Selang beberapa saat, anak bebek yang rambutnya panjang memulai obrolan kembali. Curhat, lebih tepatnya. "Eh, gue mau tanya deh. Menurut kalian, Nico udah move on belum dari gue?"
Brian yang barusan sempat menghilang dari layar lalu kembali dengan membawa laptop di pangkuannya, malah balik bertanya. "Kenapa?"
"Jawab aja."
"Hm, kayaknya sih udah."
"Alesannya?"
"Karena dia mau fokus belajar." Brian kukuh dengan pendapatnya tempo lalu, bahwa alasan Nico memutuskan hubungan dengan Kyla ialah karena dirinya mau fokus belajar sejak dini. Biar pas naik kelas 12 nanti gak terlalu repot.
"Kalo menurut Hugo?"
Tanpa susah payah memalingkan wajahnya dari layar komputer, Hugo menjawab kalem. "Gak tau. Gue bukan ahli tebak-tebakan."

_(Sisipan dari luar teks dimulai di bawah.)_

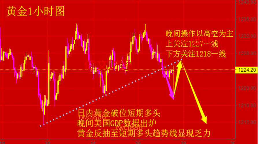 日内黄金破位短期多头 晚间美国GDP出炉,黄金反抽至短期多头趋势线,显现乏力 晚间操作上还是以高空为主 晚间操作策略:晚间反抽1225一线空,止损1228,目标1221-1218

"Berdasarkan pengamatan lo aja." Kyla maksa. Lalu Hugo melirik sekilas sambil memberikan jawaban sejujur-jujurnya. "Gak pernah merhatiin juga sih."

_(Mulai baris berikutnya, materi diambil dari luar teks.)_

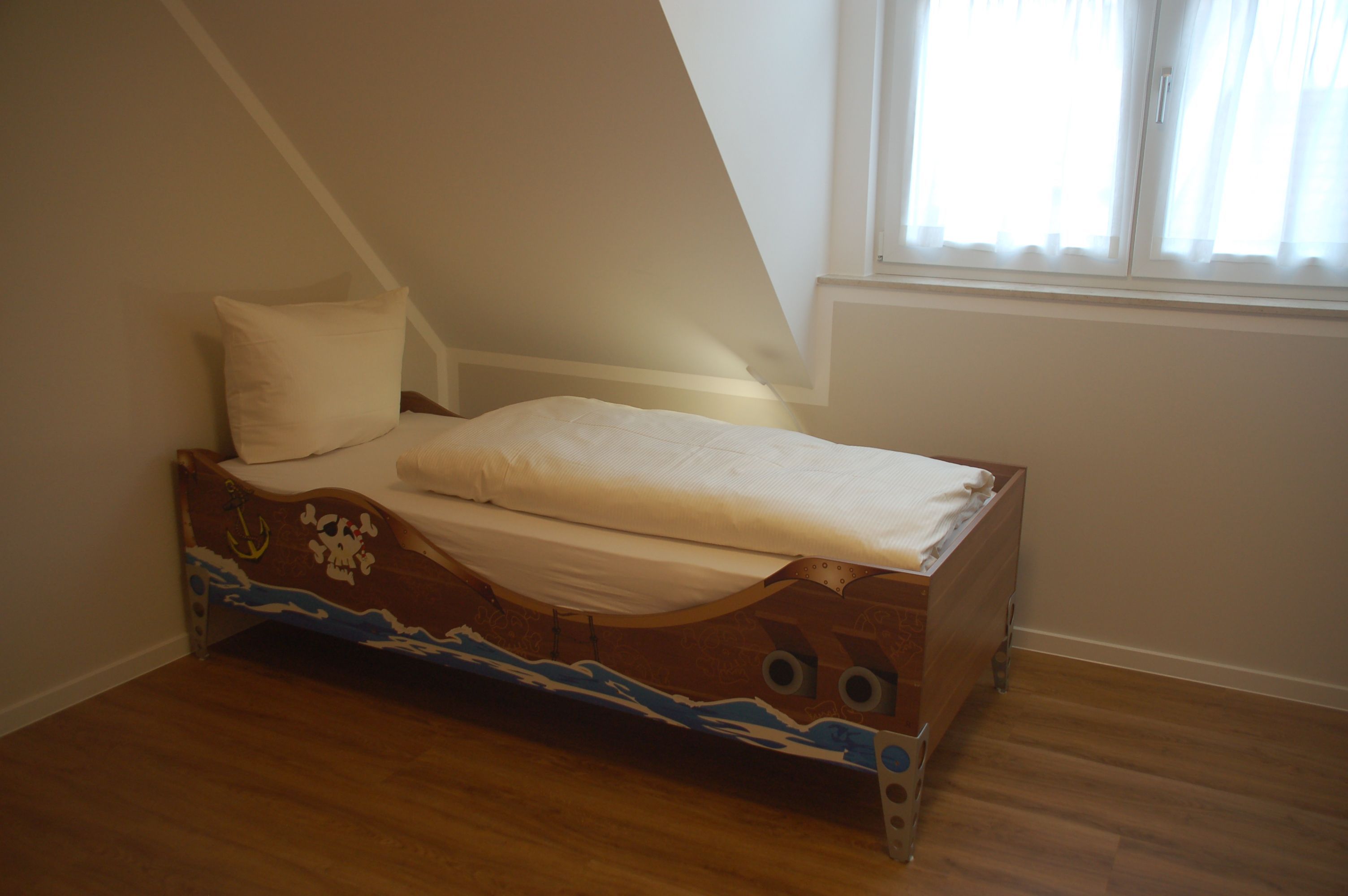 Im Kinderschlafzimmer freuen sich unsere kleinen Gäste auf ein Piratenbett (200 x 90 cm). Ein zweites Bett mit ebenfalls 200 x 90 cm komplettiert die Kinderzimmerausstattung.

"Thanks. Jawaban anda sangat membantu."
Sama kayak Hugo yang sibuk dengan kegiatannya, kini Brian juga keliatan anteng di depan laptop. Melirik layar hape sebentar, cowok itu bertanya dengan intonasi yang meninggi."Ngapain sih masih ngurusin si kunyuk? Toh, dia aja keliatan hepi-hepi."
"Bukannya gitu... tapi," Kyla menimbang-nimbang, apakah ia harus mengutarakan kegundahannya akibat mendengar obrolan cewek-cewek di UKS pagi tadi atau tidak, sebab dia juga masih skeptis, bukti akurat belum dipegangnya. Sambil mencoret-coret buku tulis di pangkuannya, Kyla melanjutkan malu-malu. "Nggak jadi deh."

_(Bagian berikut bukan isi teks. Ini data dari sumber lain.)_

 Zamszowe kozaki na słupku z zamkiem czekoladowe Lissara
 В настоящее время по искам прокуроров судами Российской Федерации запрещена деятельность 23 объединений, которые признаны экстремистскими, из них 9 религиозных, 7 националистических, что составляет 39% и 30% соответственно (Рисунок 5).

"Ya gimana ya, abisnya lo mau gue bantuin cari pacar baru aja nolak-nolak. So, terima aja apapun kondisinya."
"Gue menolak karena ada alasannya. Masa kita baru bubar terus gue udah pdkt sama cowok lain," Kyla menopang dagunya dengan tangan, memandang pantulan dirinya sendiri di layar. Membuat wajahnya tampak lebih serius dan meyakinkan. "Gue gak tega aja, ngerasa gak sampe hati juga karena lupain dia secepat itu."
"Iye, iye, Ratu drama." kata Hugo tiba-tiba nyamber aja kayak petasan. Sementara Kyla yang dikatain hanya mendesis sambil mendelik-delik sinis.